A blow for Troy at Bergama?

Here is one more signpost from the poet of the Iliad which points towards Troy. It lies embedded in the place in Il.21.324-376 where, having trapped many fleeing Trojans at the bend in the river, the killing spree of Achilles made the river god very angry. As the poet explains, in an effort to wash Achilles away downstream and stop the slaughter, Xanthus rose from his bed ‘raging on high and seething with foam and blood and corpses’. Hera saw at once what was about to happen. Alarmed lest Achilles be drowned by the floodwaters bearing down upon him, she called her son to help quell the river by fire. She instructed Hephaestus to ‘manifest much flame’, and ‘…along the banks of Xanthus burn up his trees and set him about with fire…’ Hera, for her part hurriedly ‘roused from the sea a fierce blast’ of wind ‘…that will utterly consume the Trojan dead and their battle gear, spreading on the evil flame;…’ Her plan was successful. First Hephaestus ‘made ready wondrous blazing fire’, burning the dead and making the plain dry ‘and the bright water was stayed.’ And ‘then against the river he turned his gleaming flame’, burning the trees and bushes along the river banks. Burned also was the river. And then Xanthus gave in and agreed to take no further part in the fighting. ‘…and the water boiled; nor had he (Xanthus) any mind to flow further.’

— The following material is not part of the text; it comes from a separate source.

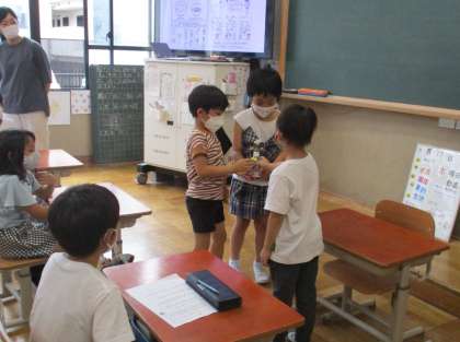 わかば学級でお花をプレゼントする計画をしています。今日は、2年にプレゼントをしました。1年生が代表でもっていきました。これから,学校中を花いっぱいにしていきたいです。

Map showing relative positions of the river mouth and Bergama

Here, what we are especially interested in is the direction from which Hera made the wind blow from the sea. Her intention was to generate a wind blowing towards Troy, which would help spread the flames and dry up the flood and the flooded plain. Now, as Wace and Stubbings wrote in their ‘A Companion to Homer’ (1962, p.283), ‘There are no words in Homer for the points of the compass, but the four winds have names, and their characteristics are differentiated.’ Also, ‘East’ may be indicated by the phrase ‘towards the dawn and the sun’, while ‘west’ may be ‘towards the (misty) gloom’, or some similar phrase.

In our example, in defining the direction from which Hera brought the wind from the sea, the poet had eight choices. In addition to choosing one of the four winds from the main compass points, he could define another four directions if he chose a combination of two winds blowing together. If, as suggested by the evidence, the lower Kaikos valley was the Homeric Trojan plain and Troy was at Bergama, we see that Bergama lies due north-east of the river mouth and the bay of Elaia. To reach the part of the battlefield where Achilles was fighting the Trojans and the river was flooding, the wind from the sea would have to come from the south west. The poet appears to have a one-in-eight chance of choosing a wind direction which supports this theory. He does not disappoint. The winds from the sea summoned by Hera were ‘Zephyrus and bright Notus’, the west and south winds.

This passage thus provides yet further support for Homeric Troy at Bergama. Apart from a very few special exceptions suggested as interpolations, it also helps demonstrate the integrity, in almost every detail, of the geographical and topographical descriptions found in the Iliad.